Здесь однажды вечером я и познакомился с Кацимбалисом, возвращавшимся в Амаруссион. Это была встреча так встреча. Из всех неожиданных знакомств с людьми, с которыми меня сводила жизнь, это можно сравнить лишь с двумя — знакомством с Блезом Сандраром и Лоренсом Дарреллом. В тот первый вечер я больше помалкивал — только завороженно слушал каждое слово Кацимбалиса. Я понял, что он создан для монолога, подобно Сандрару или Морикану, астрологу. Монолог, когда он хорош, нравится мне даже больше дуэта. Это все равно что смотреть, как человек пишет книгу исключительно для тебя: пишет, читает вслух написанное, разыгрывает в лицах, исправляет, смакует, упивается ею, наслаждается твоим восхищением, а потом рвет ее и швыряет клочки на ветер. Величественный жест, ибо, пока он произносит свой монолог, ты для него Бог — если паче чаяния не болван, лишенный чуткости и терпения. Но в таком случае вы никогда не услышите монолог, сравнимый с тем, о каком я говорю.
В первую нашу встречу он предстал передо мной занятною смесью черт: бычье сложение, устремленность грифа, проворство леопарда, нежность ягненка и жеманность горлицы. Меня восхитила его прекрасная огромная голова, заставившая почему-то предположить, что это особенность афинян. Руки его были слишком малы для такого тела, однако изящны. Это был полный энергии, сильный мужчина, который не чуждался хулиганского поступка и сочного словца и от которого вместе с тем исходила какая-то мягкая и женственная теплота. Трагичность была сущностным элементом его души, и искусная мимикрия только подчеркивала это. Он был невероятно отзывчив и в то же время безжалостно жесток. Казалось, он все время говорит только о себе, но при этом — никакого самолюбования. Он говорил о себе потому, что был самым интересным человеком из всех, кого знал. Мне такое свойство по душе — я и сам этим грешу.
Несколько дней спустя мы встретились, чтобы вместе пообедать — он, его жена Аспазия и чета Дарреллов. Потом предстояла встреча с его друзьями. Он сверкал и пенился, как шампанское. Он всегда был таким, даже когда неважно себя чувствовал и жаловался на головную боль, или головокружение, или сто и одну хворь, которые не отпускали его. Он отведет нас в taverna в Пирее, сказал он, потому что хочет, чтобы мы попробовали настоящую греческую кухню. В старые добрые времена это было одно из его любимых местечек. «Я совершил огромную ошибку, женившись, — продолжал он; жена слушала его и снисходительно улыбалась. — Я не создан для семейной жизни, она действует на меня губительно. У меня пропал сон, я уже не могу ни курить, ни пить… Конченый я человек». Он всегда говорил о себе как о ком-то, кому уж подписан приговор: эту тему он исподволь вплетал в свой монолог с тем, чтобы приблизиться к любому предмету, о котором говорил. Случившееся только вчера принадлежало у него тому же безвозвратно ушедшему ностальгическому прошлому.
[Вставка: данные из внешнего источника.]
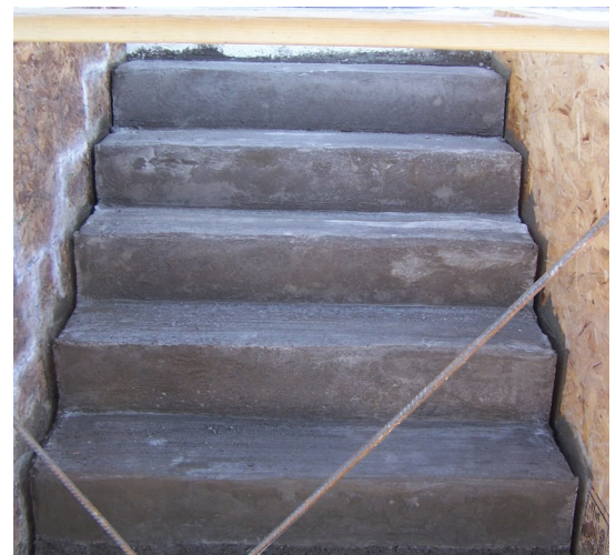
New steps to the service building.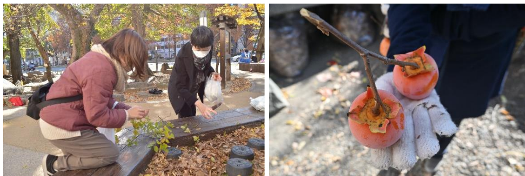
(left) Picking berries of the Japanese hackberry trees ( Celtis sinensis var. japonica ) (right) Fruits of the Japanese persimmon ( Diospyros kaki )

The group next went to a green area in front of Shirakami Shrine on the Peace Boulevard. Before the bombing, this site, 530 meters south of the hypocenter, was the grounds of Kokutaiji Temple. While many of the trees were lost in the bombing, 11 trees continued to grow. The Secretariat staff and the other groups picked berries of the two Japanese hackberry trees ( Celtis sinensis var. japonica ) and pruned fruits of the Japanese persimmon ( Diospyros kaki ).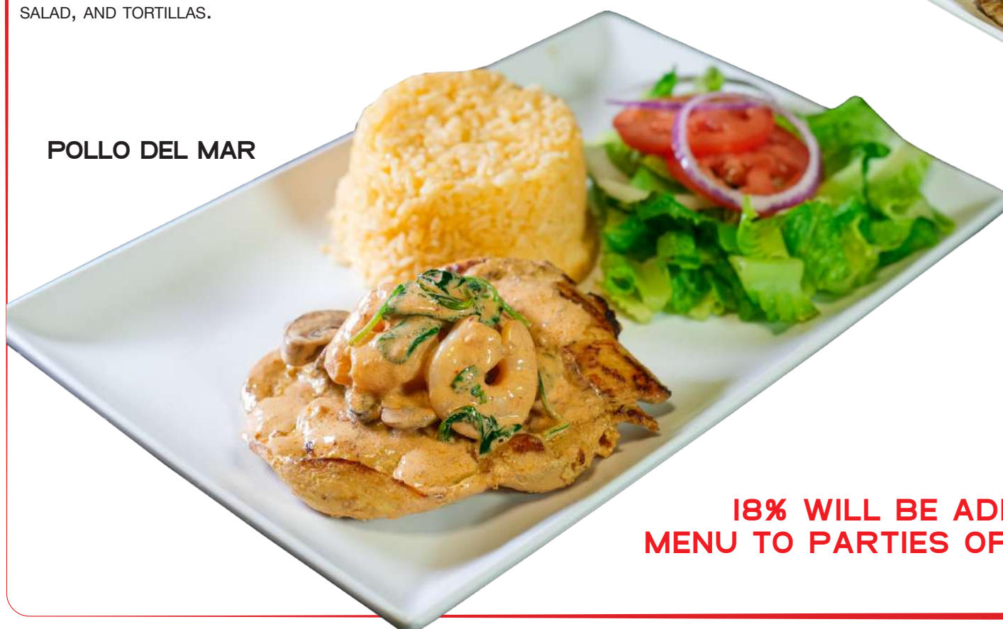
POLLO DEL MAR

18% WILL BE ADDED TO MENU TO PARTIES OF 6 OR MORE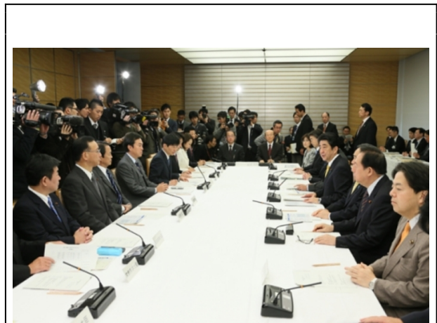
National Resilience Promotion Headquarters: Japanese Cabinet

Resilience Comprehensive Study Commission,” first mooted the idea in the Diet in April of 2012. The plan was then adopted by the party on June 1 of the same year, and submitted to the Diet on June 4 as the “National Resilience Basic Bill.” The LDP also incorporated the National Resilience plan in its campaign platform for the December 4, 2012 election.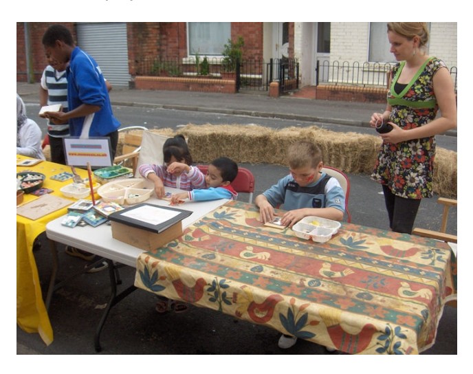
Children help design mosaics to be laid into the new features in their street in Cardiff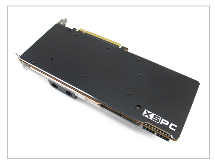
4 . The card is now ready for use. When you first boot it is advisable to use monitoring software to check the core temperature. If the temperature is high you will need to remount the block.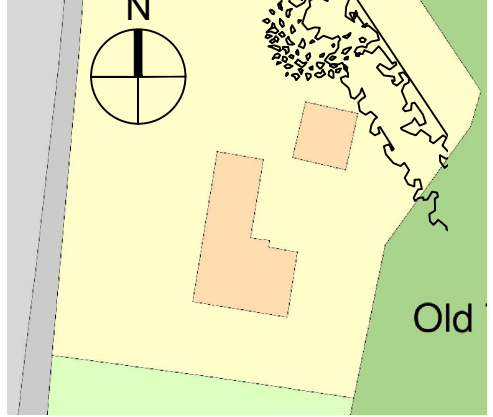
Location plan (not to scale)

Contractors and consultants are not to scale dimensions from this drawing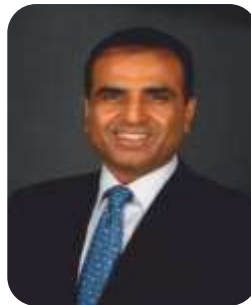
Sunil Bharti Mittal Chairman and Group CEO, Bharti Enterprises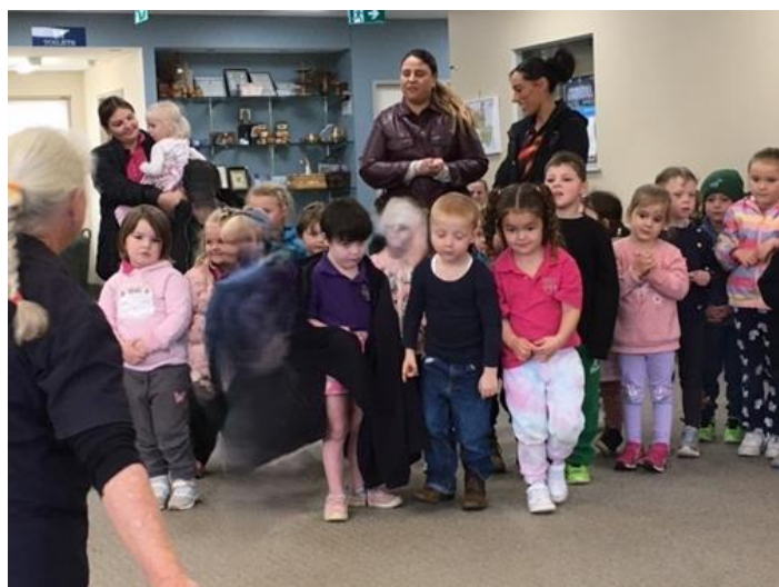
Barraba Preschool students Twinkle Twinkle in language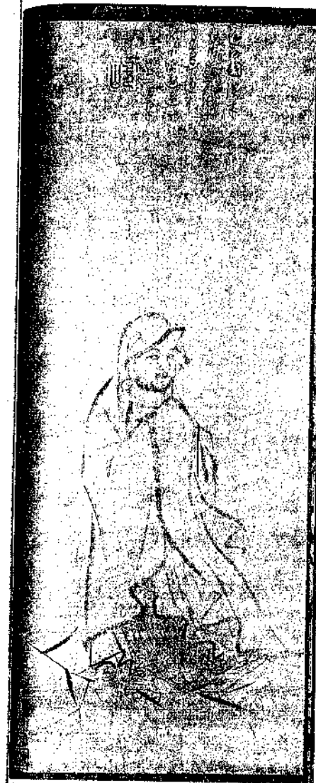
Figure 12. Bodhidharma on a Reed Hanging scroll; ink on paper, 85.6 × 34.21 cm. Yao-fu 李翹夫 (13th cent.); inscription by Ishan I-ning 一山一寧, (1247–1317). Metropolitan Museum of Art, Dillon Fund Gift (1982.1.2).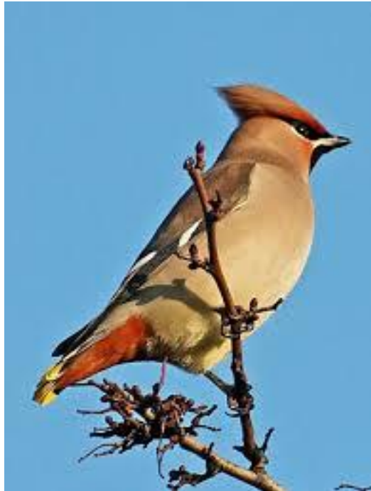
Bohemian Waxwing, Bombycilla garrulus

There are several identification marks to look for when trying to distinguish a Bohemian from our common Cedar Waxwing. Bohemians are larger, have a grayer back, and have yellow on the outer edges of their primaries. There is no yellow on the outer primaries of the Cedar Waxwings. In my mind the single most important characteristic to look for is their rusty brown under-tail coverts of the Bohemian Waxwing . Cedar Waxwing has white under-tail coverts. When in doubt, look for those under-tail coverts.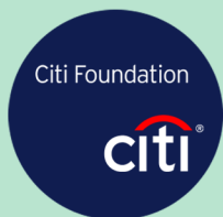
CITI FOUNDATION Champion for Equity Award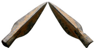
1164 Antik period - arrowhead 36mm 3.26g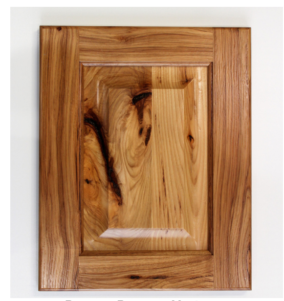
Rustic Brown Hickory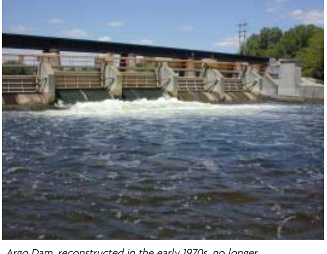
Argo Dam, reconstructed in the early 1970s, no longer provides flood control recreation on Argo Pond.

opinions about the parks, but only 44% and 35% of respondents expressed opinions about Argo Pond and Argo Dam, respectively. Of those who expressed opinions about the parks, 95% had favorable opinions. In contrast, just 49% of those with opinions about the dam expressed favorable opinions.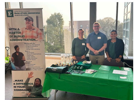
MPA students assist with the public safety workshop.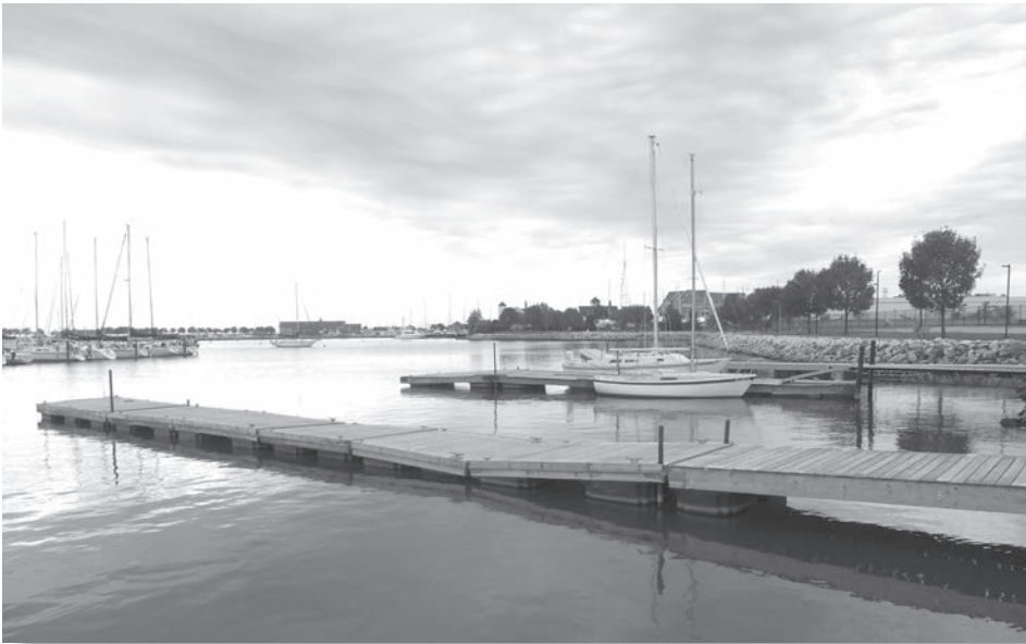
The floating docks next to the Star crane.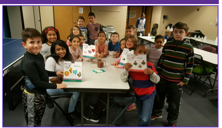
-Submitted by Beth Helsby

The South Amboy YMCA had another successful Kid's Night Out on February 10<sup>th</sup>. It was called Chocolateers Night to celebrate Valentine's Day. The 20 children enjoyed pizza and swimming. They also enjoyed finger painting with chocolate and made their own chocolate pops. Lots of laughs were heard while they watched Gnomeo & Juliet. Of course, the evening ended with a nice cup of hot chocolate!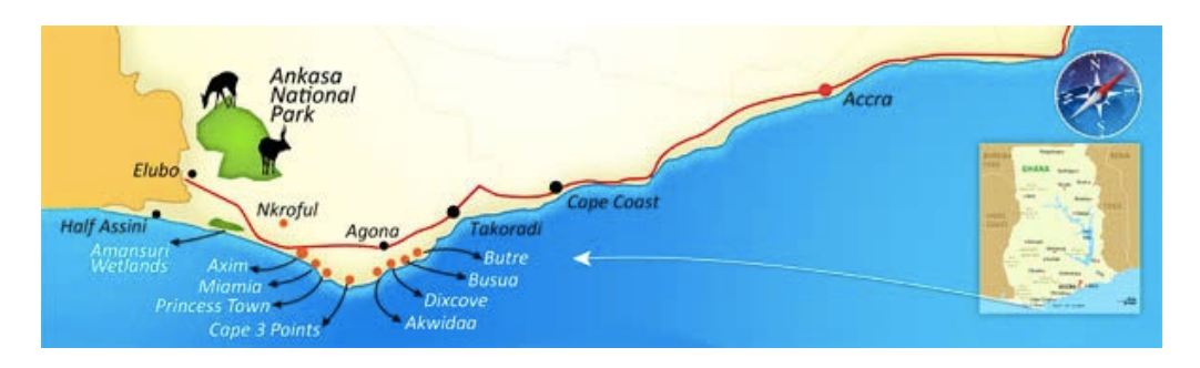
Figure 3: Towns on Ghana's West Coast.

The sample comprised elite interviews (n=40) involving corporate executives, government officials, representatives of international organizations, NGO representatives, academics and members of the mass media; community interviews (n=17) involving traditional authority and fisherfolk in selected communities; and six focus groups (n=27) involving fisherfolk, youth and members of community-based organizations. Following a purposive sampling technique, the total number of participants involved and the duration of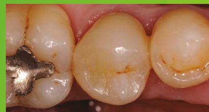
Fig. 9: Final restoration is very natural-looking and aesthetic.

Бывало, когда он говорил в такой манере, он казался мне похожим на огромную черепаху, выползшую из своего панциря, существо, которое отчаянно старается втиснуться обратно в защитную оболочку, из которой выросло. Старания его были всегда намеренно гротескными и нелепыми. Он смеялся над собой — смеялся трагическим смехом клоуна. Мы все смеялись, и его жена тоже. Сколь бы печальной, ужасной или трогательной ни была рассказываемая им история, он непременно заставлял нас смеяться. Он видел юмористическую сторону во всем, так по-настоящему и испытывается трагическое сознание.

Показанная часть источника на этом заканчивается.